▸ **What is being asked**:
This exercise calls for every record to be returned exactly, with pictures removed.

(Supplied data Opens)

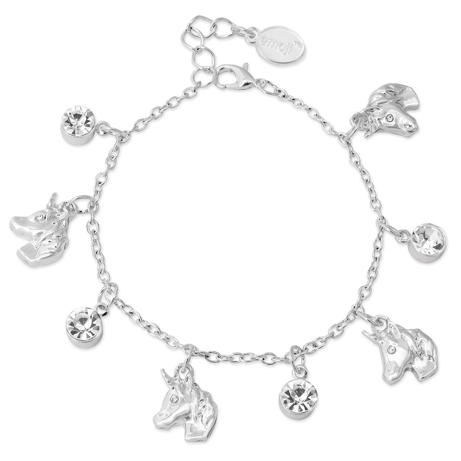 This gorgeous official emoji bracelet features unicorn and crystal charms. 4x unicorn emoji charms and 4x crystal charms.
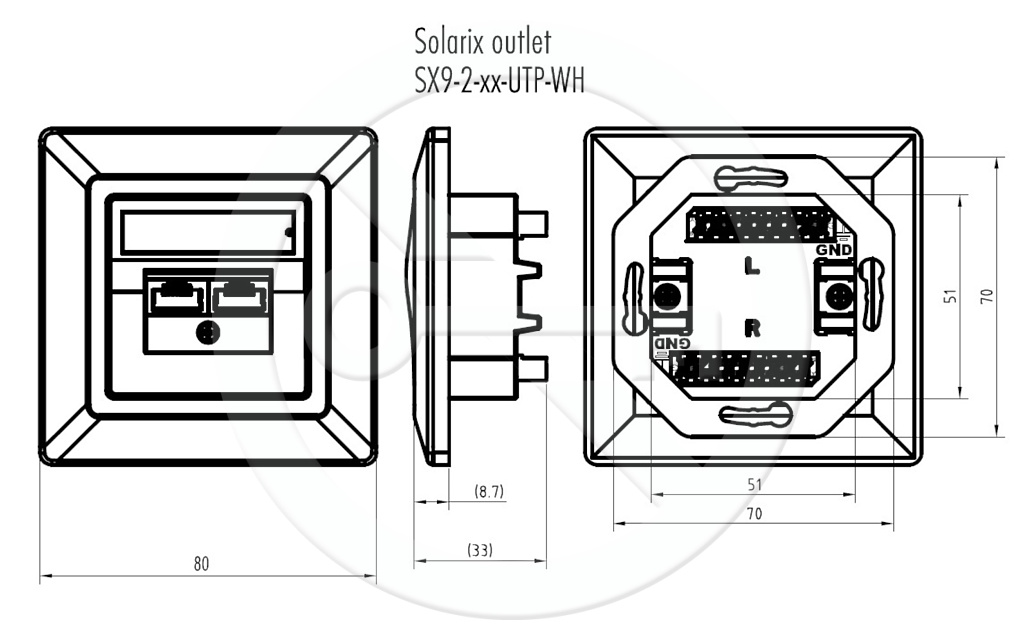 Gniazdka SX9 tworzą ważną część składową serii produktowej Solarix – kategoria 5E. Gniazdka wykonane są w stylu German Style a ich parametry spełniają wymagania specyfikowane w standardach międzynarodowych ANSI/TIA 568, ISO/IEC 11801 a EN 50173 dla kategorii 5E i klasy przewodów Class D, włącznie z wszystkimi najnowszymi dodatkami. Gniazdka SX9 oferują wysoką niezawodność, maksymalną funkcjonalność i bardzo prostą instalację. Są obłożone jednym lub dwoma portami RJ45 z nachyleniem 45°. Przewody o wielkości AWG 26 – 22 są mocowane do listwy zaciskowej typu Krone. Styki na listwie zaciskowej oznaczone są kolorowym schematem według standardu T568A, lub T568B. Gniazdka SX9 systemu Solarix – kategorii 5E są dostępne tak w nieekranowanej jak i ekranowanej wersji i są przeznaczone pod tynk. Przy zastosowaniu boksu SX9-0-WH można ten typ gniazdka zastosować także do instalacji na tynk. Standardowo gniazdka i boksy są produkowane w kolorze białym.
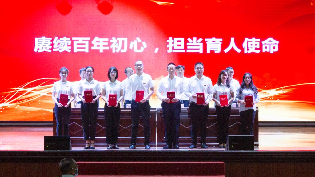 罗荣彬向全校教师致以节日的问候,向受到表彰的优秀教师表示热烈的祝贺!并做了重要讲话。他强调要重点推进六项工作,尤其是把一训、校风、教风、学风、考风建设抓起来。他要求各相关部门要尽快拿出方案,强化责任意识,确保各项工作落实抓牢抓实。随后,围绕“赓续百年初心,担当育人使命,为学校教育高质量发展建立功勋”的主题,罗荣彬提出四点希望:一是“大先生”要注重信仰之“高”;二是“大先生”要锤炼修为之“深”;三是“大先生”要积累学识之“实”;四是“大先生”要胸怀仁爱之“心”。他激励新时代的教师工作者们要从党史学习中激发信仰,获得启发,汲取力量,不断坚定“四个自信”,树立为祖国为人民终身奋斗、赤诚奉献的坚定理想,立志当好“大先生”,为培养德智体美劳全面发展的社会主义建设者和接班人作出贡献。
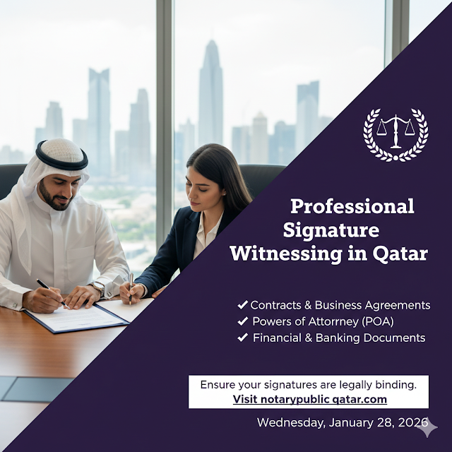 Businesses rely on Commercial Signature Witnessing Services to validate agreements, ensuring enforceability under Qatari law.
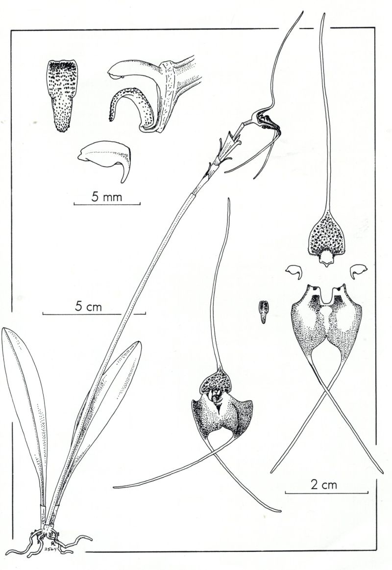 This species is characterized by having long-pedicellate inflorescence carried by a slender peduncle that is much longer than the leaf. The dorsal sepal is connate into a shallow cup from which the lateral sepals expand. All the apices of the sepal end in long, slender tails and the petals are distinct in the long descending basal process.
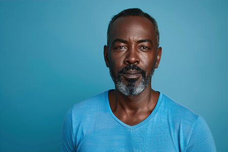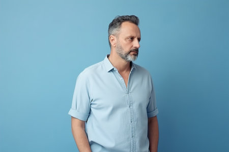 A man with a beard and gray hair is wearing a blue shirt. He is looking at the camera with a serious expression

(Supplied data Closes)

▸ **Solved exercise**:
 This gorgeous official emoji bracelet features unicorn and crystal charms. 4x unicorn emoji charms and 4x crystal charms.
 Gniazdka SX9 tworzą ważną część składową serii produktowej Solarix – kategoria 5E. Gniazdka wykonane są w stylu German Style a ich parametry spełniają wymagania specyfikowane w standardach międzynarodowych ANSI/TIA 568, ISO/IEC 11801 a EN 50173 dla kategorii 5E i klasy przewodów Class D, włącznie z wszystkimi najnowszymi dodatkami. Gniazdka SX9 oferują wysoką niezawodność, maksymalną funkcjonalność i bardzo prostą instalację. Są obłożone jednym lub dwoma portami RJ45 z nachyleniem 45°. Przewody o wielkości AWG 26 – 22 są mocowane do listwy zaciskowej typu Krone. Styki na listwie zaciskowej oznaczone są kolorowym schematem według standardu T568A, lub T568B. Gniazdka SX9 systemu Solarix – kategorii 5E są dostępne tak w nieekranowanej jak i ekranowanej wersji i są przeznaczone pod tynk. Przy zastosowaniu boksu SX9-0-WH można ten typ gniazdka zastosować także do instalacji na tynk. Standardowo gniazdka i boksy są produkowane w kolorze białym.
 罗荣彬向全校教师致以节日的问候,向受到表彰的优秀教师表示热烈的祝贺!并做了重要讲话。他强调要重点推进六项工作,尤其是把一训、校风、教风、学风、考风建设抓起来。他要求各相关部门要尽快拿出方案,强化责任意识,确保各项工作落实抓牢抓实。随后,围绕“赓续百年初心,担当育人使命,为学校教育高质量发展建立功勋”的主题,罗荣彬提出四点希望:一是“大先生”要注重信仰之“高”;二是“大先生”要锤炼修为之“深”;三是“大先生”要积累学识之“实”;四是“大先生”要胸怀仁爱之“心”。他激励新时代的教师工作者们要从党史学习中激发信仰,获得启发,汲取力量,不断坚定“四个自信”,树立为祖国为人民终身奋斗、赤诚奉献的坚定理想,立志当好“大先生”,为培养德智体美劳全面发展的社会主义建设者和接班人作出贡献。
 Businesses rely on Commercial Signature Witnessing Services to validate agreements, ensuring enforceability under Qatari law.
 This species is characterized by having long-pedicellate inflorescence carried by a slender peduncle that is much longer than the leaf. The dorsal sepal is connate into a shallow cup from which the lateral sepals expand. All the apices of the sepal end in long, slender tails and the petals are distinct in the long descending basal process.
 A man with a beard and gray hair is wearing a blue shirt. He is looking at the camera with a serious expression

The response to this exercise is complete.